EXERCISE DIRECTIONS: Exact wording is needed for every line from the one holding "in the chart." to the end of the records below; write those lines out and omit the pictures.

ENTRIES SHOWN:
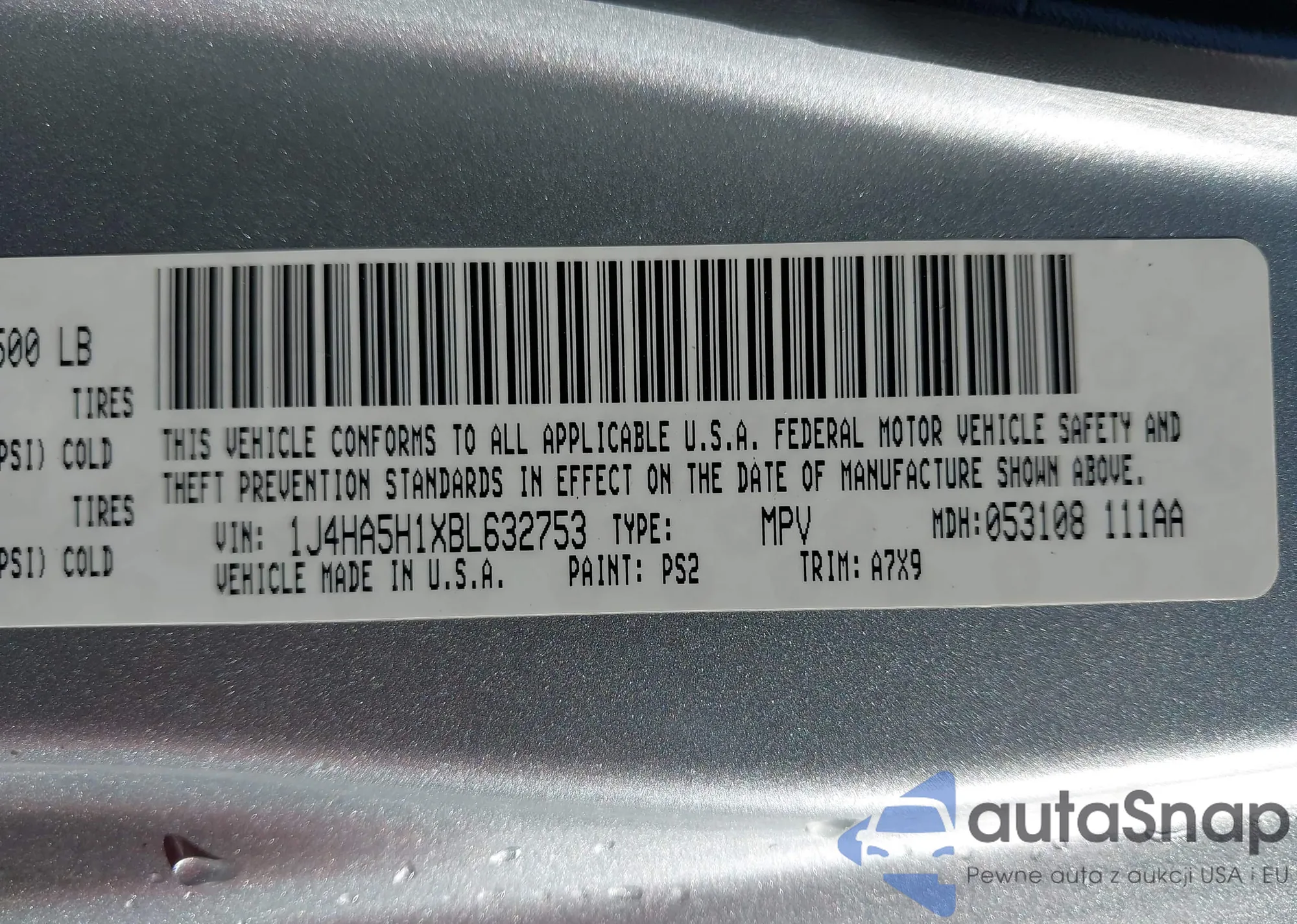 VIN: 1J4HA5H1XBL632753
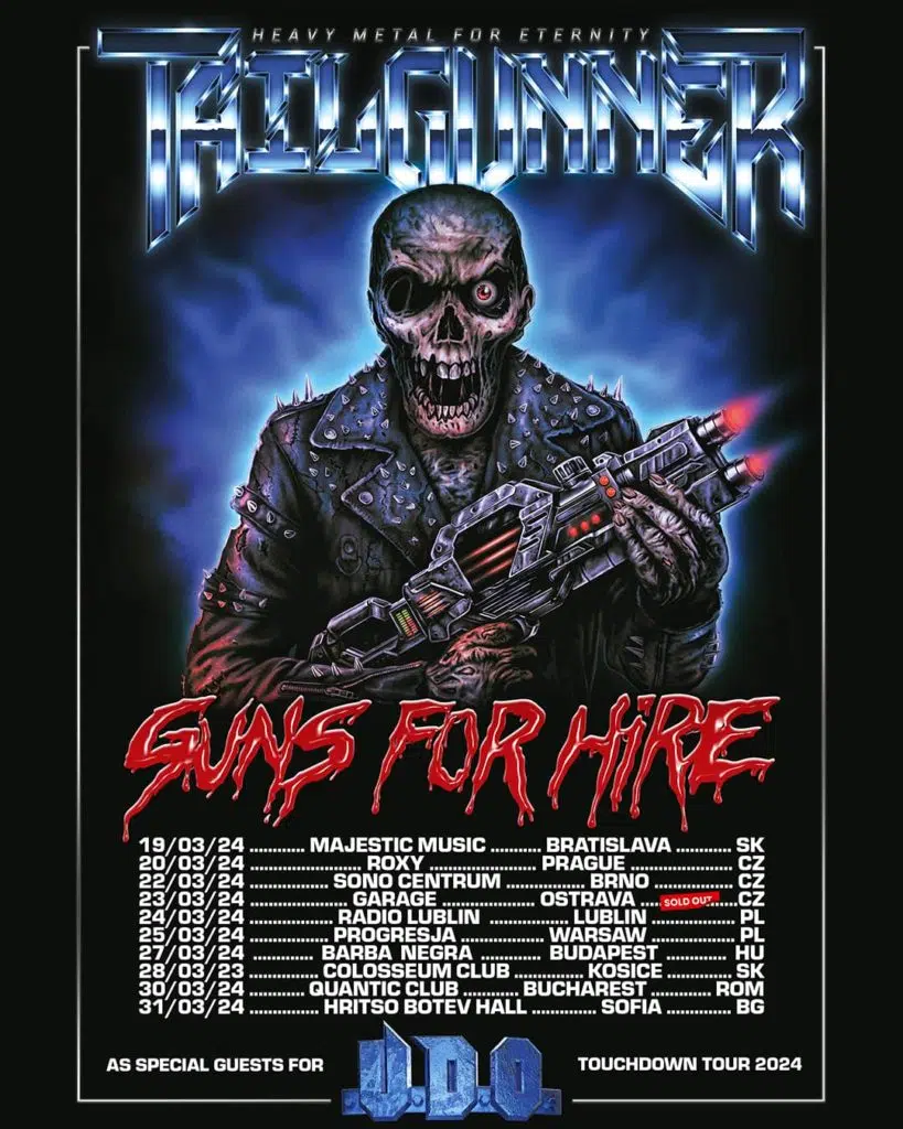 Im vergangenen Jahr stürmten die britischen Heavy-Metal-Durchstarter TAILGUNNERreihenweise die europäischen Bühnen und veröffentlichten zudem ihr weltweit gefeiertes Debütwerk »Guns For Hire«, das im Fistful Of Metal-Magazin gar den Titel „Album des Jahres 2023“ einheimsen konnte. Nun ist es an der Zeit, dass die Truppe erneut in die hiesigen Clubs kommt: Dieses Jahr werden TAILGUNNER u.a. im Frühling mit den deutschen Metal-Legenden von U.D.O. (März) sowie den US-Heavy-Metallern RIOT (V)(Mai) durch Europa reisen, aber selbstverständlich stehen für die Band auch reichlich eigene Headlineshows auf dem Programm. Alle Details findet ihr unten!
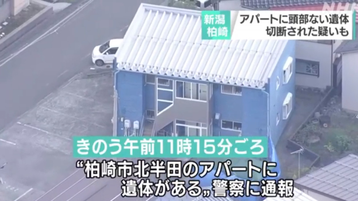日本新潟縣柏崎市住宅區19日驚傳出現一具沒有頭顱的屍體,已知屍體是在公寓一樓房間被發現,死亡已有一段時間,但身分及性別均尚待確認,警方現正朝向棄屍案調查。
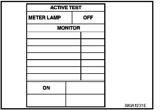- Touch "ON" and "OFF" to check that stop lamp operates as in the chart.
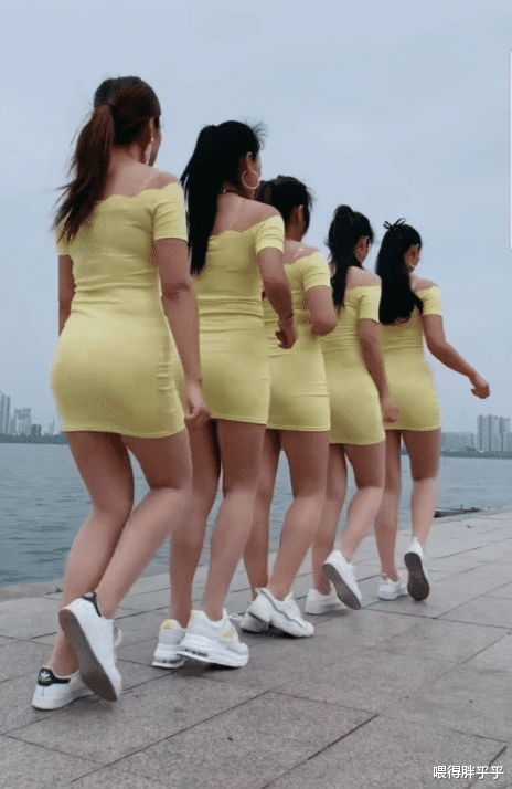 正宗的大嘛,整齐的站成一排,她们有规律的动着,似乎是在拍某一个舞蹈,看他们专心的样子,看来广场舞真的对她们很重要啊。我们可以看到大妈整体穿着一件黄色紧身包臀裙,一字肩的设计露出好看的锁骨,让整个人看起来更加的时尚。紧身的裙子讲讲都好笑的好身材购的出来,同时短裙又将一双笔直修长的大长腿勾勒出来,不得不说大妈都这个年纪身材保持的可真是好啊!黄色的衣服可真的是应景呀,真的像门前大桥下那首歌啊!一双小白鞋更是显年轻啊,看来大妈们真的是有一颗年轻的心啊!
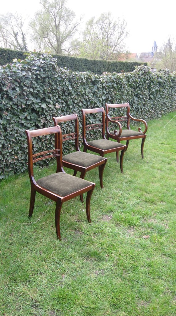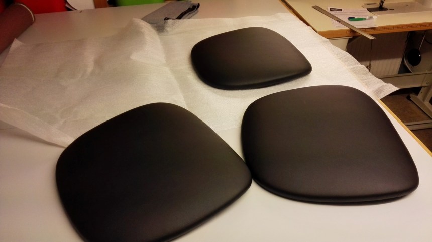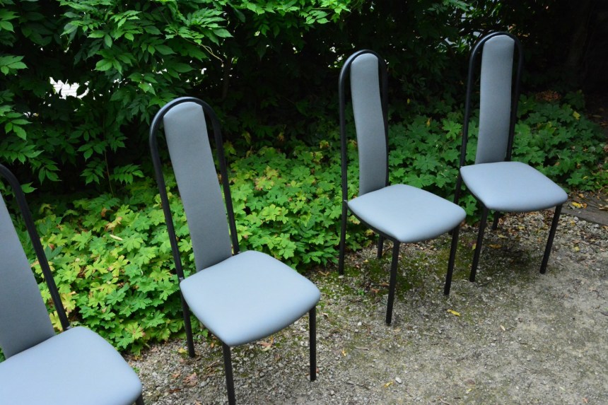 Losse stoelzitten, hier voorzien van nieuwe mousse en herbekleed met kunstleder. De mousse van de rug was nog intact zodat enkel de bekleding moest vernieuwd worden.
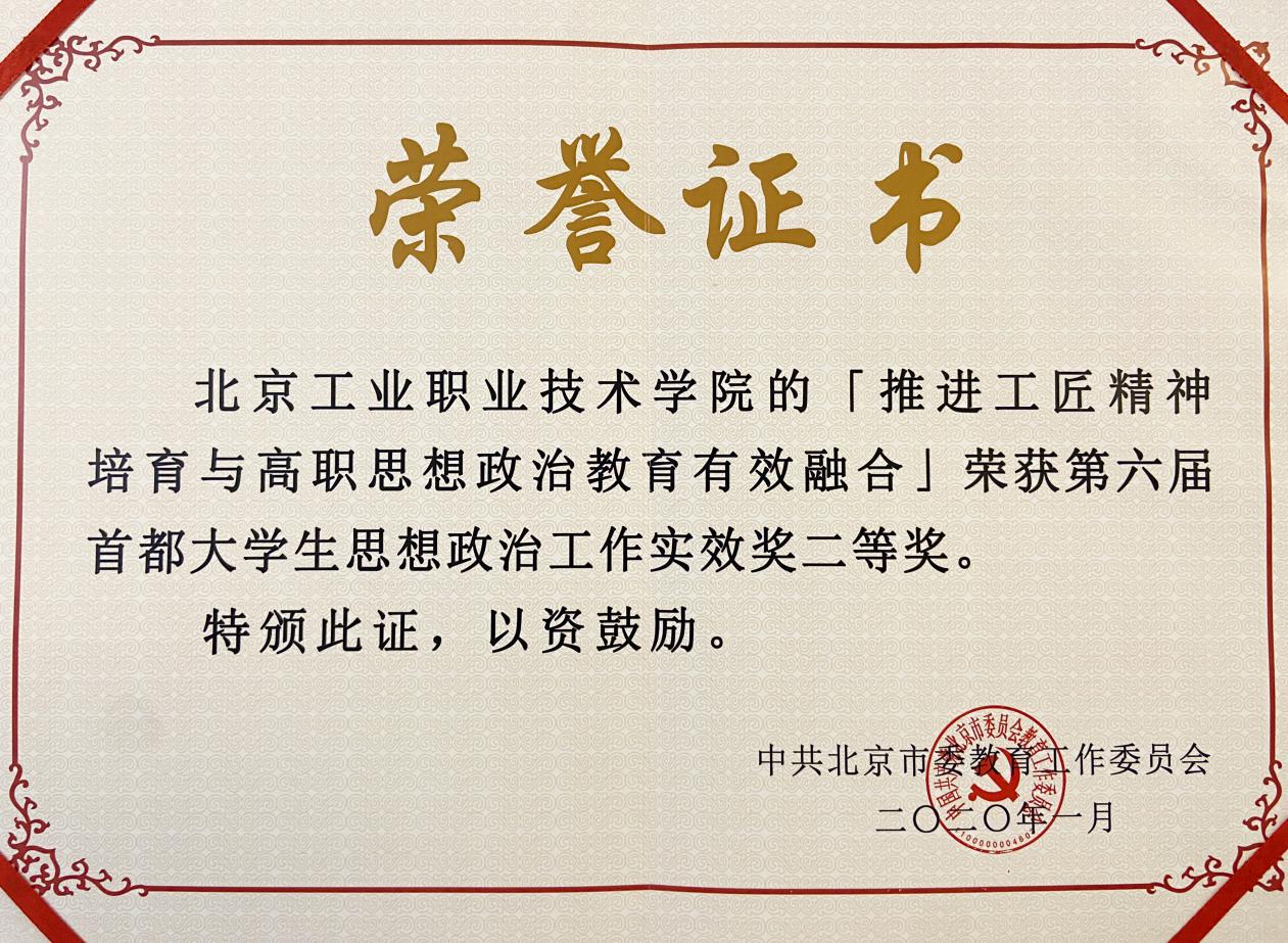 近日,北京市委教育工委頒發了第六屆首都大學生思想政治工作實效獎獲證書,我校申報的“推進工匠精神培育與高職思想政治教育有效融合”項目榮獲二等獎。

PROBLEM SOLUTION:
- Touch "ON" and "OFF" to check that stop lamp operates as in the chart.
 正宗的大嘛,整齐的站成一排,她们有规律的动着,似乎是在拍某一个舞蹈,看他们专心的样子,看来广场舞真的对她们很重要啊。我们可以看到大妈整体穿着一件黄色紧身包臀裙,一字肩的设计露出好看的锁骨,让整个人看起来更加的时尚。紧身的裙子讲讲都好笑的好身材购的出来,同时短裙又将一双笔直修长的大长腿勾勒出来,不得不说大妈都这个年纪身材保持的可真是好啊!黄色的衣服可真的是应景呀,真的像门前大桥下那首歌啊!一双小白鞋更是显年轻啊,看来大妈们真的是有一颗年轻的心啊!
 Losse stoelzitten, hier voorzien van nieuwe mousse en herbekleed met kunstleder. De mousse van de rug was nog intact zodat enkel de bekleding moest vernieuwd worden.
 近日,北京市委教育工委頒發了第六屆首都大學生思想政治工作實效獎獲證書,我校申報的“推進工匠精神培育與高職思想政治教育有效融合”項目榮獲二等獎。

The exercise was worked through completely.